A racing slick or slick tyre is a type of tyre that has a smooth tread used mostly in auto racing. The first production slick tyre was developed by M&H Tires in the early 1950s for use in drag racing. By eliminating any grooves cut into the tread, such tyres provide the largest possible contact patch to the road, and maximize dry traction for any given tyre dimension. Slick tyres are used on race tracks and in road racing, where acceleration, steering and braking require maximum traction from each wheel. Slick tyres are typically used on only the driven (powered) wheels in drag racing, where the only concern is maximum traction to put power to the ground, and are not used in rallying.

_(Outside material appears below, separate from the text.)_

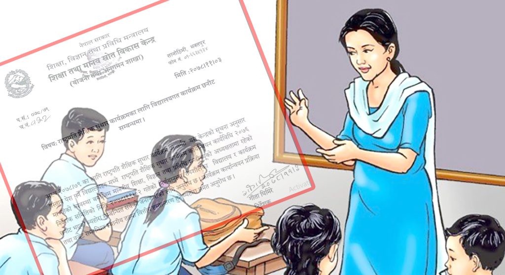 सरकारले राष्ट्रपति शैक्षिक सुधार कार्यक्रमका लागि चालु आर्थिक वर्षमा प्राप्त आवेदनका आधारमा देशभरका चार हजार १५७ सार्वजनिक विद्यालय छनोट गरेको छ । शिक्षा, विज्ञान तथा प्रविधिमन्त्री देवेन्द्र पौडेलको अध्यक्षतामा सोमबार भएको बैठकले सो छनोट गरेको हो । छानिएकामध्ये चारकोठे भवन ९७६, दुईकोठे भवन ९६६, आइसिटी ल्याब व्यवस्थापन दुई हजार १०६, प्राविधिक ल्याब ८८ र नयाँ प्राविधिक विद्यालय स्थापना २१ निर्माण गरिने भएको छ ।

Slick tyres are not suitable for use on common road vehicles, which must be able to operate in all weather conditions. They are used in auto racing where competitors can choose different tyres based on the weather conditions and can often change tyres during a race.

==Performance==

Two stress mechanisms produce tyre grip:
- Indentation of the viscoelastic tyre rubber adapting to the texture of the road surface
- Molecular adhesion at the interface between the tyre rubber and the road surface

Slick tyres can provide far more traction than grooved tyres on dry roads, but typically have far less traction than grooved tyres under wet conditions. Wet roads severely diminish the traction because of aquaplaning due to water trapped between the tyre contact area and the road surface. Grooved tyres are designed to remove water from the contact area through the grooves, thereby maintaining traction even in wet conditions.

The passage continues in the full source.